L’acido lattico accumulato richiederà circa 15 minuti per lo smaltimento (la famosa GHISA nota anche ai bodybuilders).
E la resistenza?
La maggiore resistenza del climber allenato risiede nella migliore efficienza data dall’allenamento nei sistemi di “rimozione” dell’acido lattico, e nella migliore capacità di sfruttare il metabolismo aerobico per ripristinare l’efficienza dei meccanismi di produzione dell’energia anaerobici (un pò come le auto elettiche che utilizzano la benzina per “caricare le batterie” del motore elettrico).
Torniamo ora al punto.
Sorprendentemente dal punto di vista della nutrizione del climber sembra tutto ancora lasciato al caso.
Dalle premesse sulla fisiologia del climbing emerge come il tipo di sforzo sia simile a quello di uno sprinter (soprattutto nel caso del bouldering) o al massimo di un mezzofondista veloce (800-1500 m).
Ed in effetti l’allenamento si basa soprattutto su lavori lattacidi (su System wall o Moonboard, con Pan Güllich, anelli, sbarra ecc…), ma soprattutto sull’arrampicata stessa.
Le considerazioni sul dispendio energetico e sul fabbisogno proteico sono quindi sorprendentemente analoghe a quelle che si dovrebbero fare in un programma di allenamento di uno sprinter, anche per quanto riguarda l’aspetto del recupero.
Solo recentemente una review [5] ha preso in esame in modo più approfondito i fabbisogni nutrizionali nel bouldering, che pur essendo stato per decenni il ripiego “invernale” in palestra del climber ha ora assunto la dimensione e la dignità di sport a se, spesso venendo praticato ormai in modo esclusivo da molti climber.
Il bouldering differisce per molti aspetti dalla classica arrampicata lead, concentrando in pochi movimenti molto più esplosivi e “muscolari” le difficoltà di un’intera via.
I climber dediti al bouldering risultano essere anche “antropometricamente” differenti dai climber che praticano lead, in quanto carattarizzati da una maggiore massa muscolare ed una percentuale di massa grassa leggermente superiore.
Si può dire che la differenza tra boulder e lead sia accostabile alla differenza tra 100 m e 800 m.
Il peso è un elemento fondamentale sia per chi pratica boulder che per chi pratica lead, ma come in altri sport praticati a livello elite è stata posta l’attenzione sul rischio di un’eccessiva riduzione del peso corporeo, suggerendo la necessità di attuare delle strategie più oculate per il raggiungimento tramite interventi nutrizionali mirati del peso ottimale.
Inoltre dal momento che carenze nutrizionali e strategie alimentari sbagliate sono risultate compromettenti la performance a livello competitivo, l’argomento della nutrizione del climber merita sicuramente un’attenzione speciale.
[1] The role of physique, strenght and endurance in the achievements of elite climbers.
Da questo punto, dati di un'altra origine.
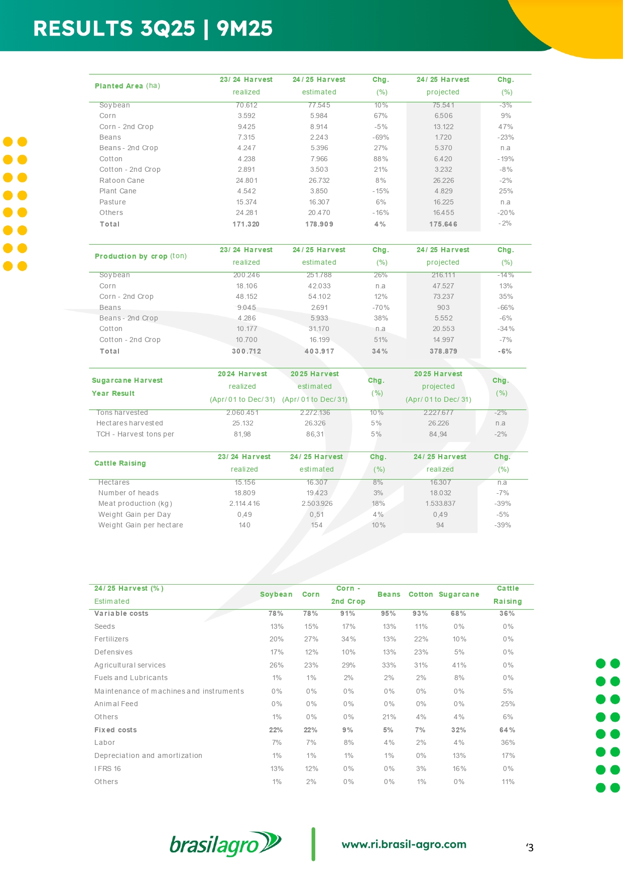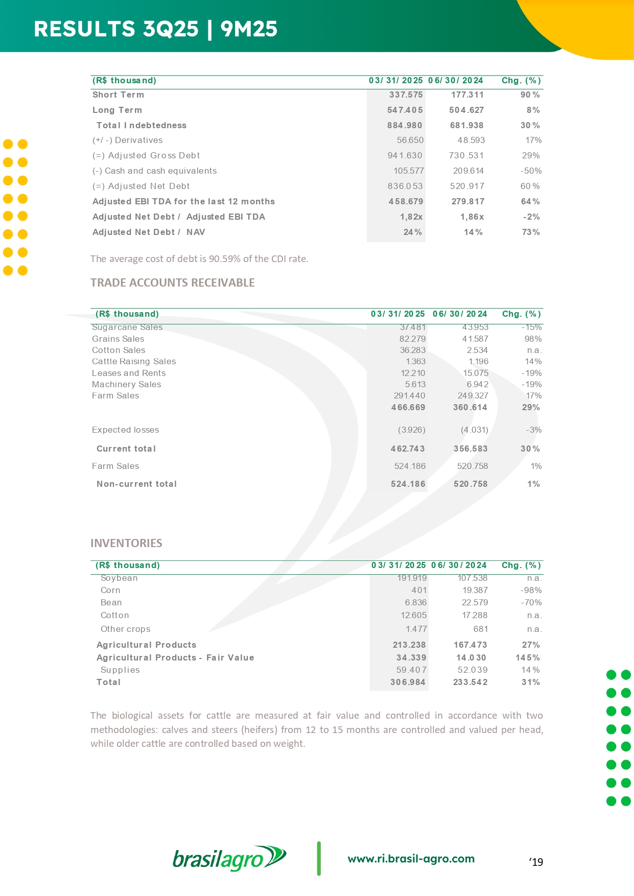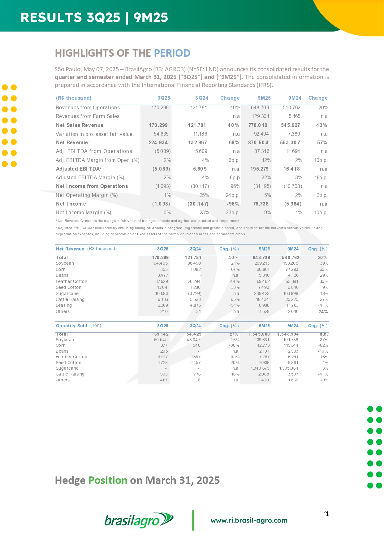 ‘1期间亮点,圣保罗,2025年5月7日– BrasilAgro(B3:AGRO 3)(NYSE:LND)公布截至2025年3月31日止季度和学期(“Q3 Q25”)和(“9 M25”)的综合业绩。合并信息是根据国际财务报告准则(IFRS)编制的。2025年3月31日对冲头寸Cha nge 9m24 9m25 Cha nge 3 Q24 3 Q25(R $ thousand nd)20% 540.76 2648.70 940% 121.78 1170.299 Revenues f rom Operations n.a 5.16 5129.301 n.a--Revenues f rom Farm Sales 43% 545.9 27778.0 1040% 121.78 1170.299 Net SA les revenue n.a 7.38092.494 n.a 11.18654.635 Variation in bio. a sset fair value。57% 553.307870.50469% 13 2.96 7224.934净收入丨n.a 11.69487.346 n.a 5.609(5.089)调整后EBI TDA f r om op er a t i ons 10p.p. 2% 12%-6p.p. 4%-2%调整后EBI TDA Margin f rom op.(%)n.a 16.4 18195.279 n.a 5.609(5.089)调整后EBI TDA ² 19p.p. 3% 22%-6p.p 4%-2%调整后EBI TDA Margin(%)n.a(10.708)(31.195)-96%(30.147)(1.093)Net i ncome from operations-3p.p.-2%-5% 24p.p.-25%-1%n.a(5.984)76.738-96%(30.147)(1.093)Net i ncome 10p.p.-1% 9% 23p.p.-23% 0% Net i ncome margin(%)丨净收入:考虑s生物资产和agricultur al product的f air value和i mpairment的变化。²调整后EBI TDA的计算方法是不包括在产生物资产(甘蔗和种植的谷物)和调整后的f或收获的衍生结果和折旧费用,包括f arm s、发达地区和永久cr ops的f ixed资产的折旧。CHG。(%)9m24 9m25 CHG。(%)3Q24 3Q25净收入(千雷亚尔)20% 540.76 2648.70940% 121.78 1170.299合计39% 193.205269.21321% 86.490104.405大豆-60% 77.29 330.861-67% 1.08 2355玉米29% 4.12 65.3 10 n.a.-3.477豆30% 53.39 169.46 244% 26.29437.9 29羽棉9% 6.8467.49033% 1.2801.704籽棉43% 166.89 8239.423 n.a(3.799)10.683甘蔗-27% 25.2 2518.43465% 5.5289.136养牛-41% 11.76 36.988-51% 4.87 52.369租赁-24% 2.01 61.528 n.a 31240其他CHG(%)9m24 9m25 CHG。(%)3Q24 3Q25销售数量(吨)n.a. 1.54 3.9941.5 45.88827% 54.42569.14 2合计37% 101.73 8139.63 126% 48.04760.545大豆-62% 113.61 442.773-30% 540377玉米-10% 2.33 32.10 1 n.a.-1.205豆16% 6.29 17.28735% 2.89 73.917羽棉1% 9.88 19.936-20% 2.1571.728籽棉3% 1.305.06 41.34 0.673 n.a.--甘蔗-41% 3.5072.06816% 776903养牛-9% 1.5661.420 n.a. 8467其他

Ozimek M, et al. PLoS One 2017
[2] A comparison of the anthropometric, strenght, endurance and flexibility characteristics of female elite and recerational climbers and non-climbers. Grant S, et al. J Sports Sci. 2001.
[3] Physiological determinants of climbing-specific finger endurance and sport rock climbing performance. MacLeod D, et al. J Sports Sci. 2007
[4] The phisiology of rock climbing. Giles LV, et al. Sprots Med. 2006
[5] Nutritional Consideration for boudering. Smith JL, Storey R, Ranchordas MK. International Journal of Sport Nutrition and Exercise Metabolism. 2017.